Moreover, students are able to design, model and
implement control systems with the objective of creating functional automotive analogs including a parking assist system, radar guided cruise control, active suspension, etc. In keeping with our goals, the laboratory curriculum is designed to promote critical thinking and big-picture analysis to make students’ observations relevant to real-world concepts.

The laboratory sessions conclude with a research or competitive component that prompts students to develop creative, new approaches to the challenge while gaining a better grasp of conventional approaches to engineering research and development.

A Paradigm Shift in Curriculum Development
Beyond the specifics of the lab and equipment, the QDS marks a paradigm shift in the way we approach laboratory curriculum development.
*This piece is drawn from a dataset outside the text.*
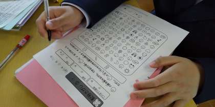 自分の感情にブレーキをかけられるように、認知機能の強化!コグトレの記号探しが行われました。時間内に集中して瞬時に記号を探していました。スタート時の際に先生が「みんなタイマー時計が鳴ってからペンをとってね」という声かけに対して、数名の生徒がペンを置く行為をためらうほど、集中していました。

The QDS serves as a model for a new lab-in-a-box concept where entire laboratory curriculum is developed as a virtual, hardware-independent session. Core topics of control systems are covered as elements of a larger real-world topic to highlight how and why engineers use control systems everyday. In essence, the labs answer the burning question of “why should I care?”

Everyone Benefits Equally
Innovative and dynamic, it advances the way control systems and engineering pedagogy are addressed in the laboratory. It’s a revolutionary new approach that offers great benefits to teachers and students alike. I am proud to be a part of it.